STORED DATA section start

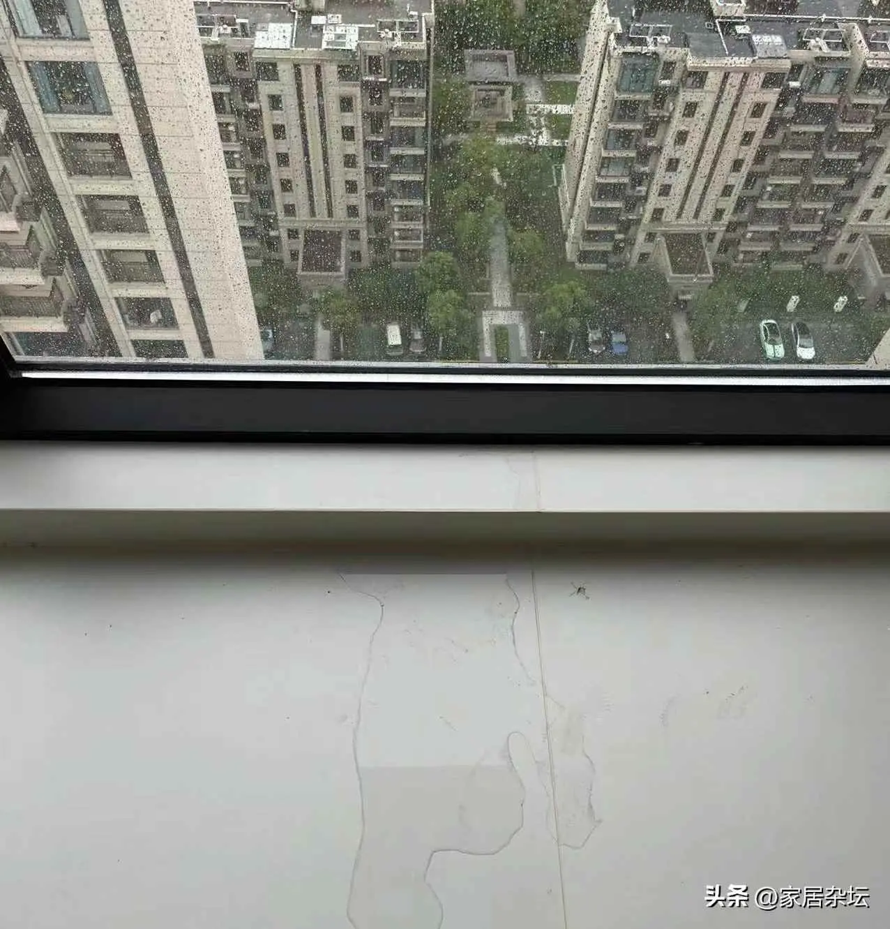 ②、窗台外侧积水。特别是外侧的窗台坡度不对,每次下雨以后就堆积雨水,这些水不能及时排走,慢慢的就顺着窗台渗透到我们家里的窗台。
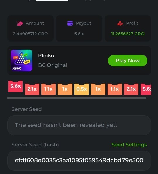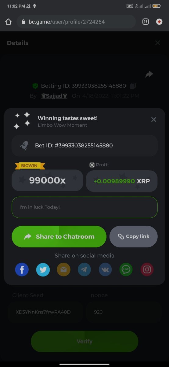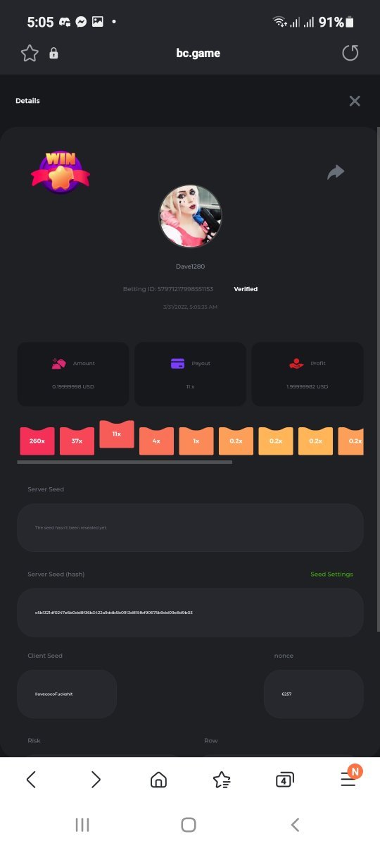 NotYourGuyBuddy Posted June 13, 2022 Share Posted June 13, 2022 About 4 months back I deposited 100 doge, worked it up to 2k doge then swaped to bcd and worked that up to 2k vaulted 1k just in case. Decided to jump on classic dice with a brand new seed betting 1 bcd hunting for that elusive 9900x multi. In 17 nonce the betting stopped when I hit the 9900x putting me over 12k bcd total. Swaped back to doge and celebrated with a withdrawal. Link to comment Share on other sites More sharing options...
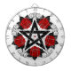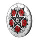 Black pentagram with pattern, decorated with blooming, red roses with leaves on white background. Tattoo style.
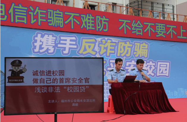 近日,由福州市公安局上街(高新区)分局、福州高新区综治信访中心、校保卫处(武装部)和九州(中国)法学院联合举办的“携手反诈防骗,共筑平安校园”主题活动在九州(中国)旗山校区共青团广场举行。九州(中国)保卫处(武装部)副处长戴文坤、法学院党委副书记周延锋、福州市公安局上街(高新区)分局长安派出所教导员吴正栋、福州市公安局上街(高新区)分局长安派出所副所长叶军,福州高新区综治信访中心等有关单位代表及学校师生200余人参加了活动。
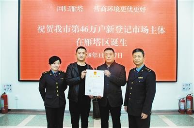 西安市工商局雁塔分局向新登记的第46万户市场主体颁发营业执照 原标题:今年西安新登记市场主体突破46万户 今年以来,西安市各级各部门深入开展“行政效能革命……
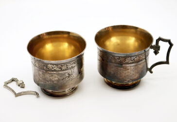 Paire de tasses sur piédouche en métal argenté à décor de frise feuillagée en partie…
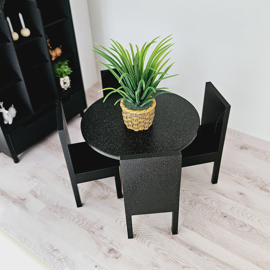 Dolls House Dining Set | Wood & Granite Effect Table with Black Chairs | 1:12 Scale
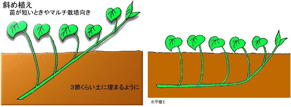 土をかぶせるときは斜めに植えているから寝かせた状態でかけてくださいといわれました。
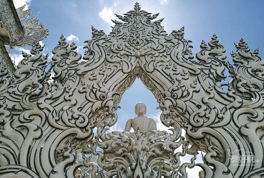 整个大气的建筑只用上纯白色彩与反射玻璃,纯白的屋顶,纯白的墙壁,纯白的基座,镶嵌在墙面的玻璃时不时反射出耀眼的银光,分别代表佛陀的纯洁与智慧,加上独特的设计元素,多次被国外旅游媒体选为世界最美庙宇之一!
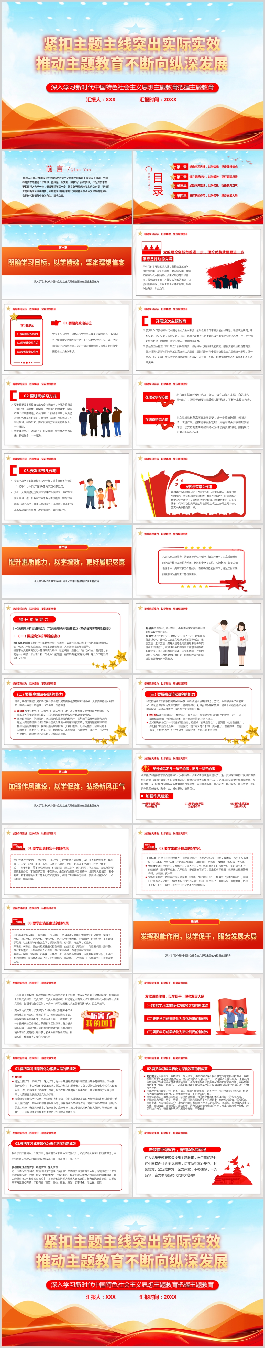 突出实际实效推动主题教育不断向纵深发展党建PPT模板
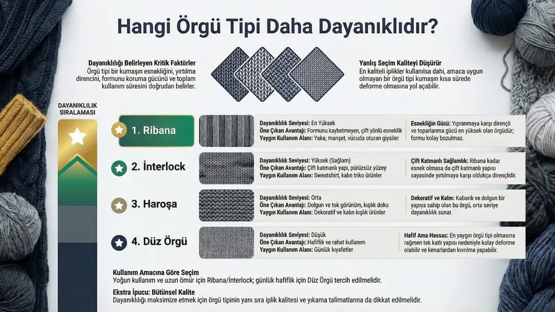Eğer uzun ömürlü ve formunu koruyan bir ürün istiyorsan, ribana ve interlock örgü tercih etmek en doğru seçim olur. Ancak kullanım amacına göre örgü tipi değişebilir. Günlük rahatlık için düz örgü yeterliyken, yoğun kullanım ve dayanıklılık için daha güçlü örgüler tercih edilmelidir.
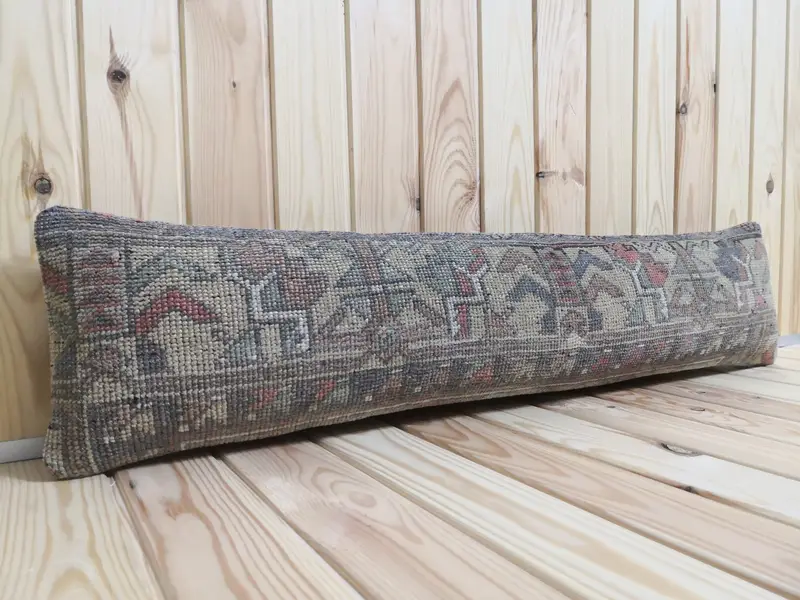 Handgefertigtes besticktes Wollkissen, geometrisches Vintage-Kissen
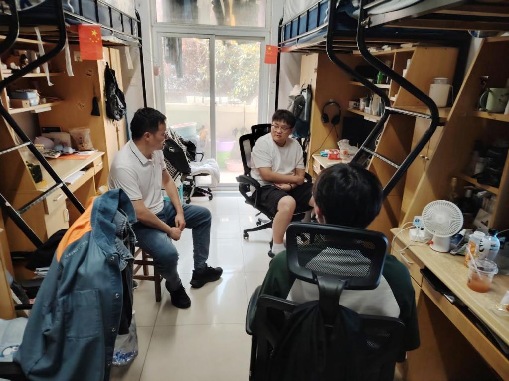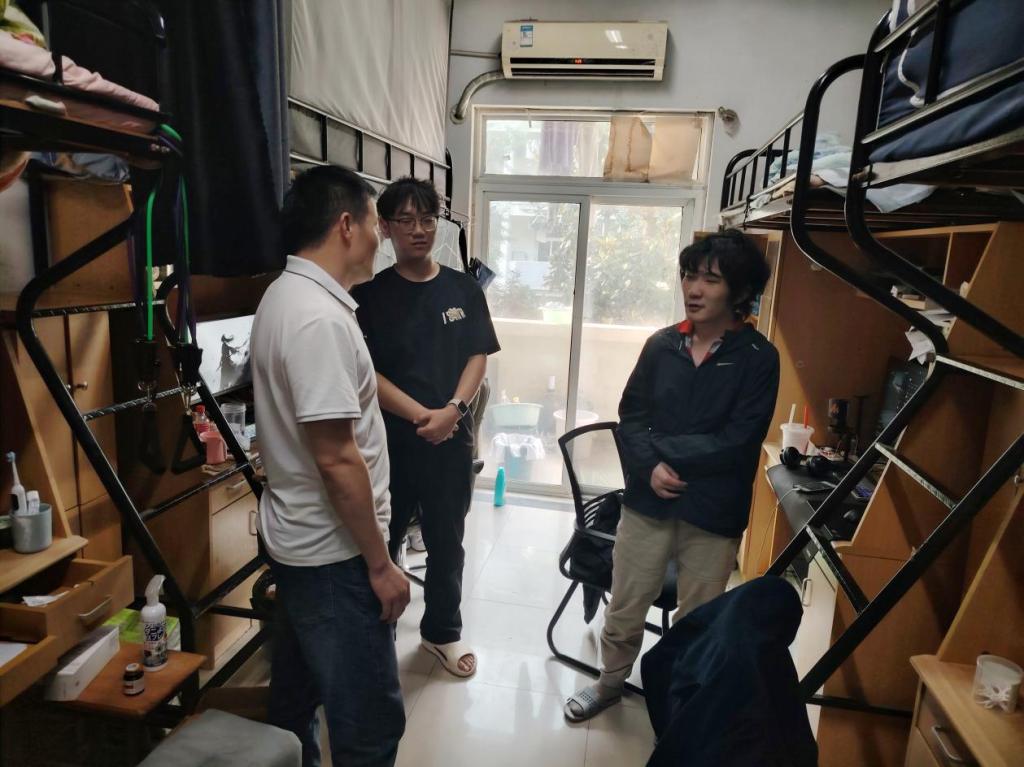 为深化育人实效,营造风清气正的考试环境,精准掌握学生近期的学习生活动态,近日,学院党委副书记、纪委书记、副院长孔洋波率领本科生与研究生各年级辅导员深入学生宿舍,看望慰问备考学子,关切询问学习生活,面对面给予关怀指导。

STORED DATA section end
STORED DATA section start

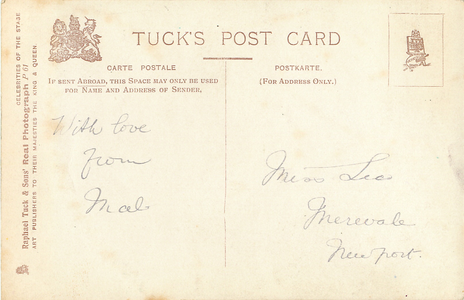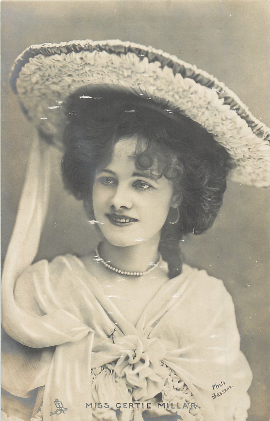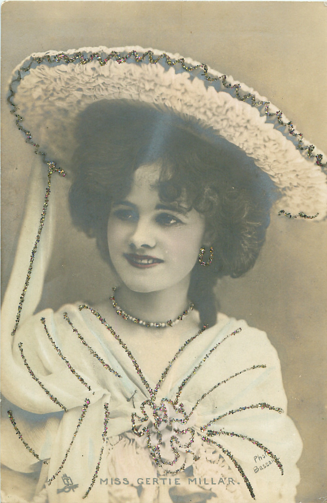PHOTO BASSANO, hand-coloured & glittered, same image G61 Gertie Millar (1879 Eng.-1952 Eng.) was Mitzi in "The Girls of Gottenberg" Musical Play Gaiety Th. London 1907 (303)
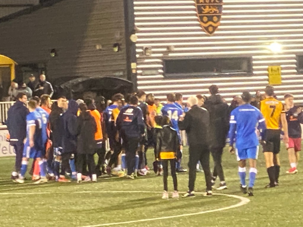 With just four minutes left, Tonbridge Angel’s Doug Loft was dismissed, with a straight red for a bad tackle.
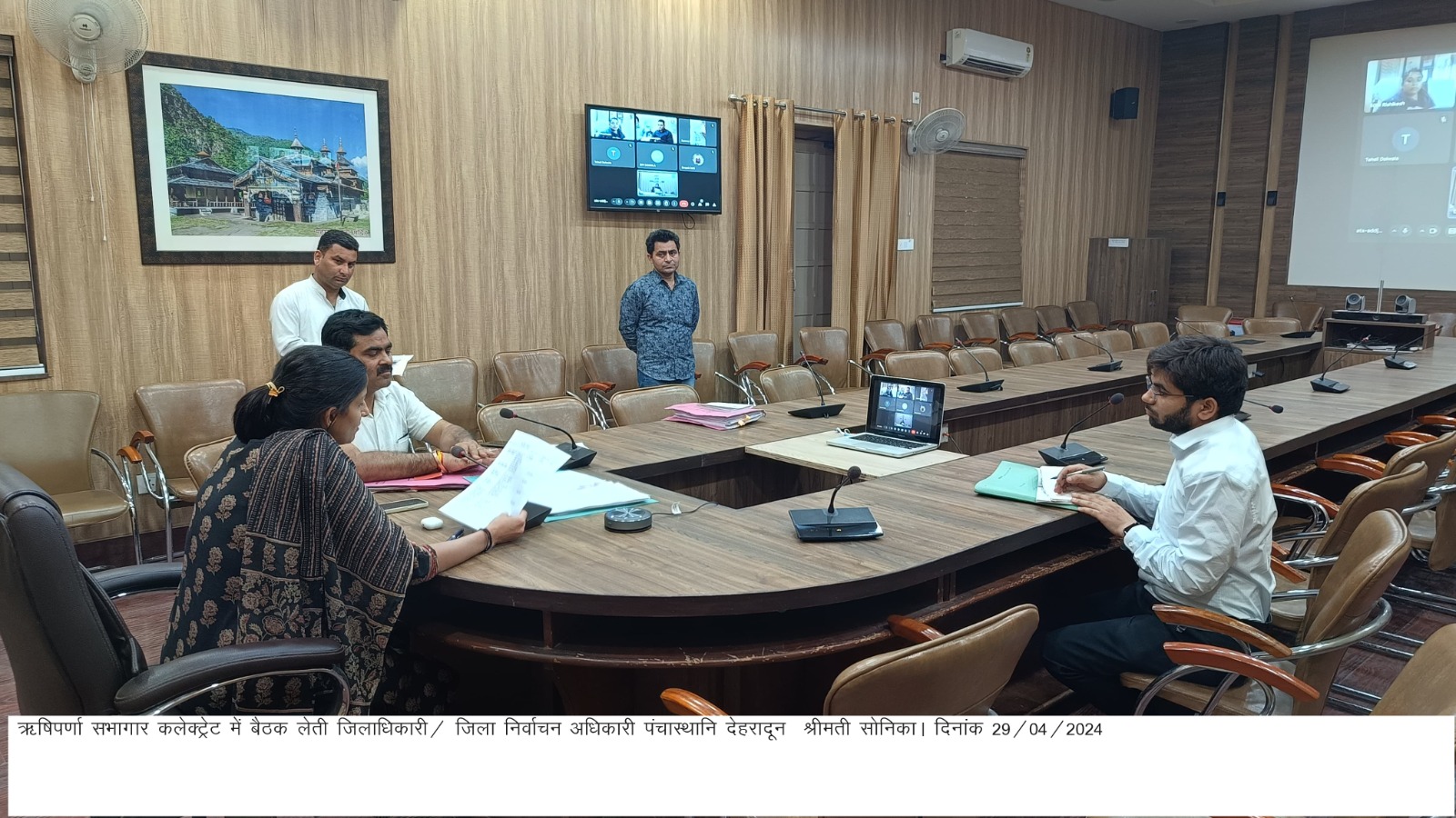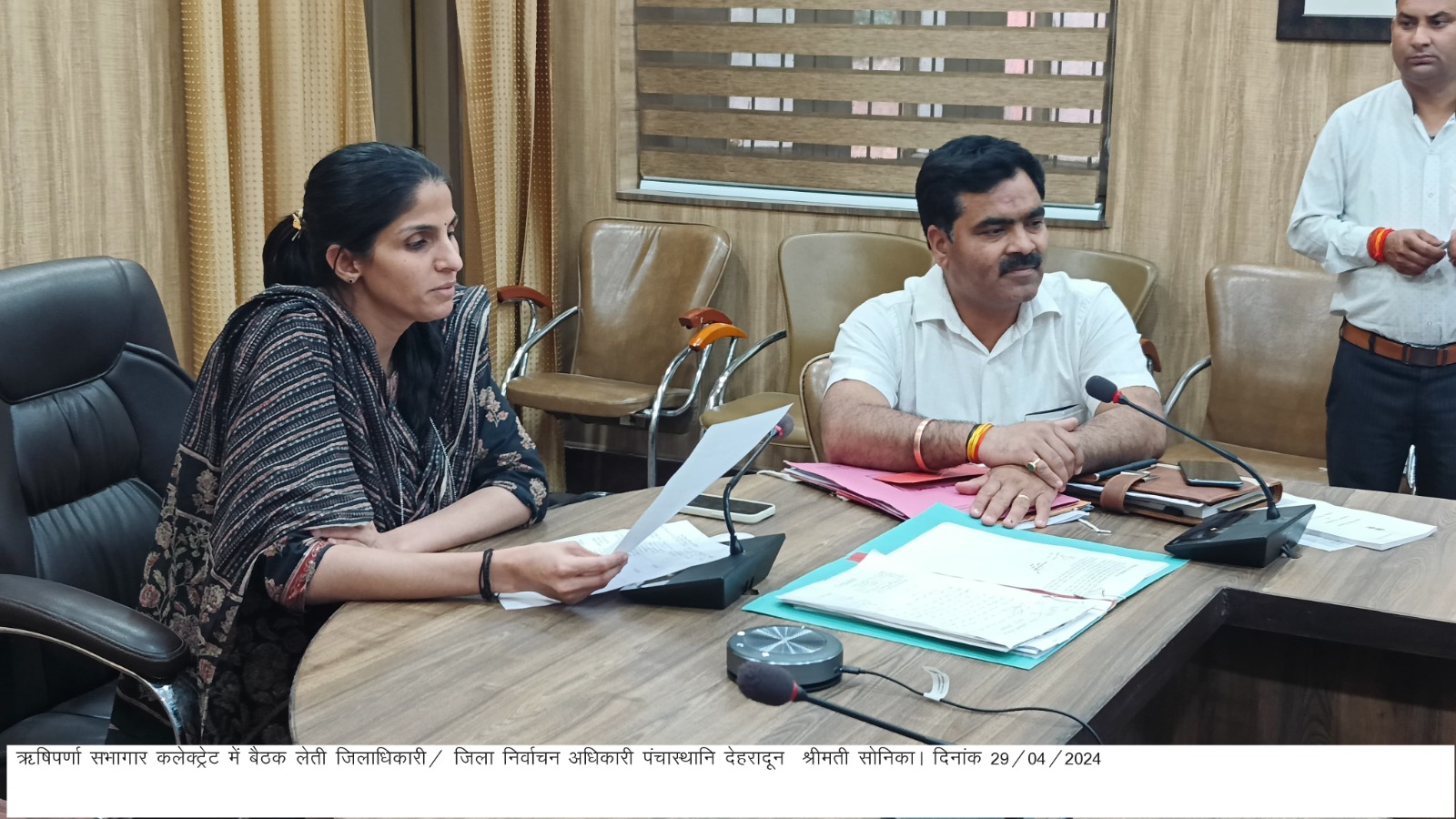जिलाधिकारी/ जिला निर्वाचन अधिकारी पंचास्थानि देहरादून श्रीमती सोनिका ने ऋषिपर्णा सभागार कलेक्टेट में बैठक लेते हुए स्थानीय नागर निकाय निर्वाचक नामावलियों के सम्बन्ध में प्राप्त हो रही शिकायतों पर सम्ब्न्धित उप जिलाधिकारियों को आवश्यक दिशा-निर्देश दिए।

STORED DATA section end
STORED DATA section start

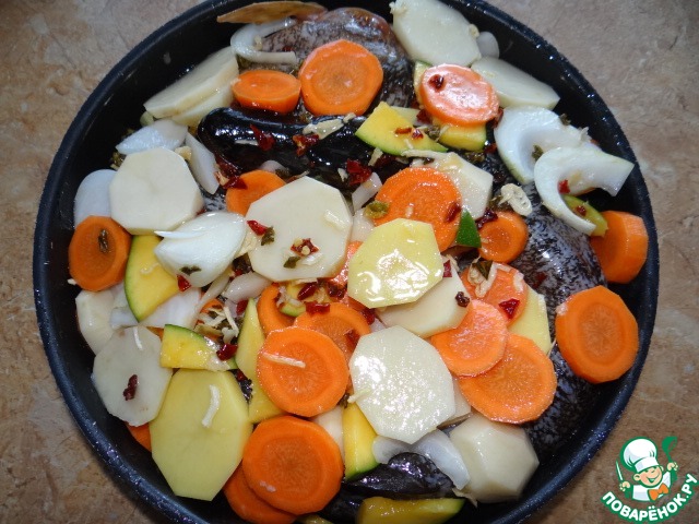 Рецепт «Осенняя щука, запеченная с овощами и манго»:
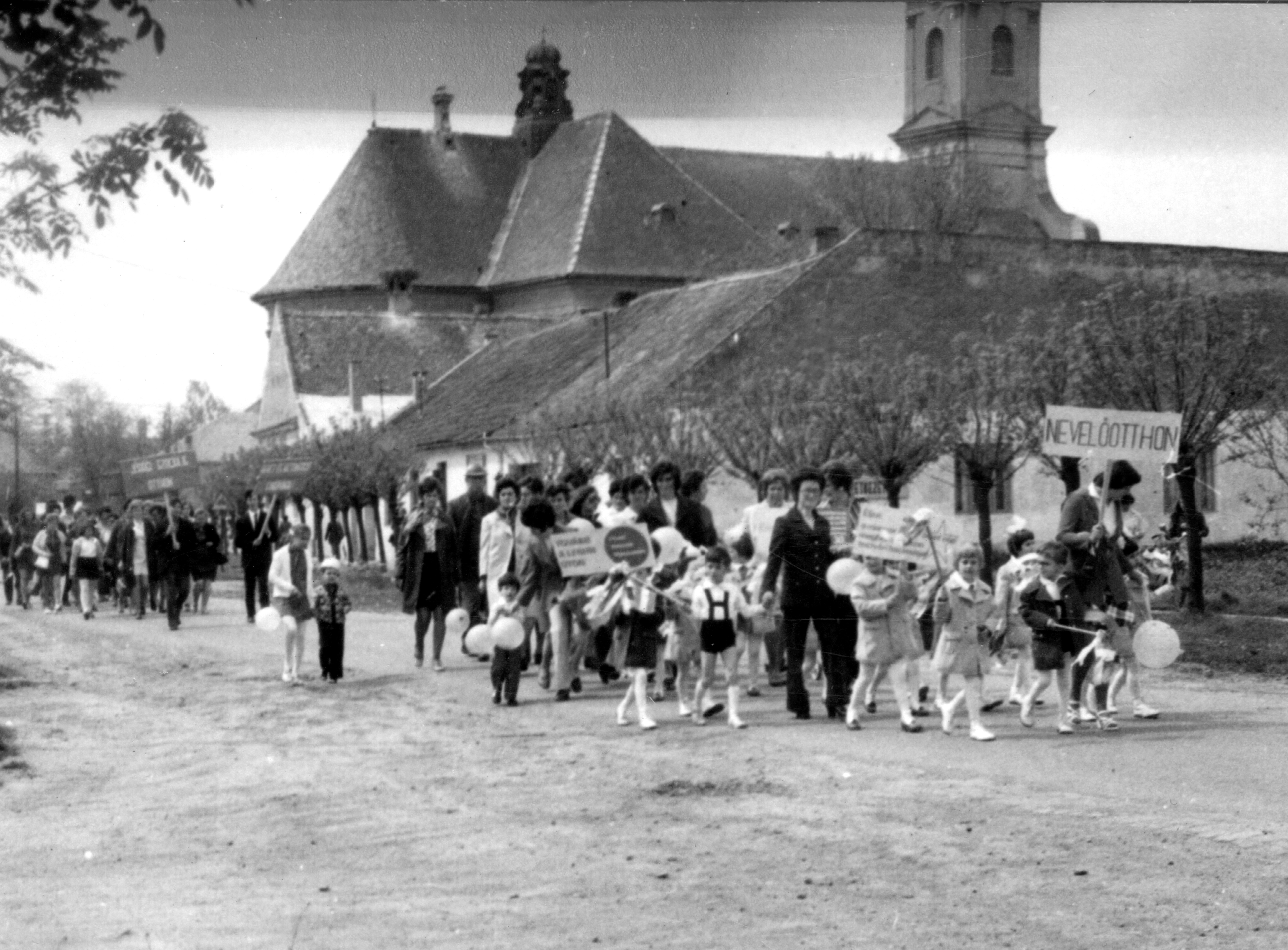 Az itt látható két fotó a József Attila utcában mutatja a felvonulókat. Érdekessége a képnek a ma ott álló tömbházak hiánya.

STORED DATA section end

Leaving each picture behind, please give again exactly the lines above from the one with "Paire de tasses" through the one with "Handgefertigtes besticktes Wollkissen, geometrisches", both included, and no others.

> WRITTEN RESPONSE
 Paire de tasses sur piédouche en métal argenté à décor de frise feuillagée en partie…
 Dolls House Dining Set | Wood & Granite Effect Table with Black Chairs | 1:12 Scale
 土をかぶせるときは斜めに植えているから寝かせた状態でかけてくださいといわれました。
 整个大气的建筑只用上纯白色彩与反射玻璃,纯白的屋顶,纯白的墙壁,纯白的基座,镶嵌在墙面的玻璃时不时反射出耀眼的银光,分别代表佛陀的纯洁与智慧,加上独特的设计元素,多次被国外旅游媒体选为世界最美庙宇之一!
 突出实际实效推动主题教育不断向纵深发展党建PPT模板
Eğer uzun ömürlü ve formunu koruyan bir ürün istiyorsan, ribana ve interlock örgü tercih etmek en doğru seçim olur. Ancak kullanım amacına göre örgü tipi değişebilir. Günlük rahatlık için düz örgü yeterliyken, yoğun kullanım ve dayanıklılık için daha güçlü örgüler tercih edilmelidir.
 Handgefertigtes besticktes Wollkissen, geometrisches Vintage-Kissen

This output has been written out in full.